Islamabad, May 11, 2016 (PPI-OT): Chamber of Small Traders on Wednesday lauded the decision of the government to construct another LNG terminal to contain energy crisis. However, it said that construction of the second LNG terminal should be delayed unless the infrastructure including new pipeline is completed. Commissioning of new LNG terminal to feed powerhouses of Punjab before the completion of Karachi-Lahore LNG pipeline will result in colossal losses to the public exchequer, said Patron Islamabad Chamber of Small Traders Shahid Rasheed Butt.
He said that the second LNG terminal will be completed in eleven months like the first one while upgradation of gas infrastructure including laying new 42 inch diameter pipeline cannot be completed before 2018. The first terminal has capacity to process 600 mmcfd fuel while the pipelines cannot transport more than 400 mmcfd resulting in underutilisation and penalty to the tune of billions, he added.
Shahid Rasheed Butt said that after completion of second terminal both the terminals will be able to process 1200 mmcfd LNG which will be three time that of transportation capacity of pipelines. Masses will have to pay for the wrong planning of policymakers as second terminal will remain idle after completion and burden of penalty will be transferred to masses as usual, he noted.

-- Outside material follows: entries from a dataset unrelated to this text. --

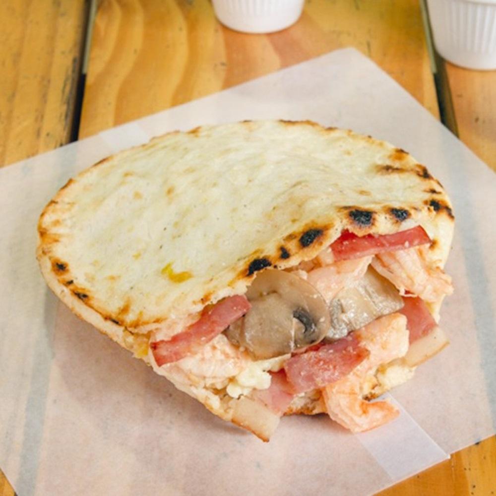 Arepa de maiz rellena con camarones en salsa rosada y cebolla, champiñones, tocineta y queso
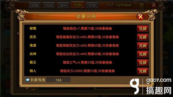 为了增加兵力和普攻,卦象方便我们可以给他佩戴霸王、武圣、御人。潜力则主要培养武力。武将搭配,为了平衡,赵云前面需要放一个肉(兵力高的武将来抵挡伤害)。
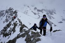 Sehr gute Schneelage. Gute Spur bis kurz unter den Sattel. Dort einige Meter zu Fuß. Gipfelgrat problemlos.

He said that it is standard operating procedure that governments find customer, bind customers in contracts, ensure transportation of gas, and then terminal is constructed before import of gas but in Pakistan that rule was violated resulting in losses. The second terminal will result in increased tariff of gas which will make life difficult for masses, hit industrial and agricultural production and make exports uncompetitive, he warned.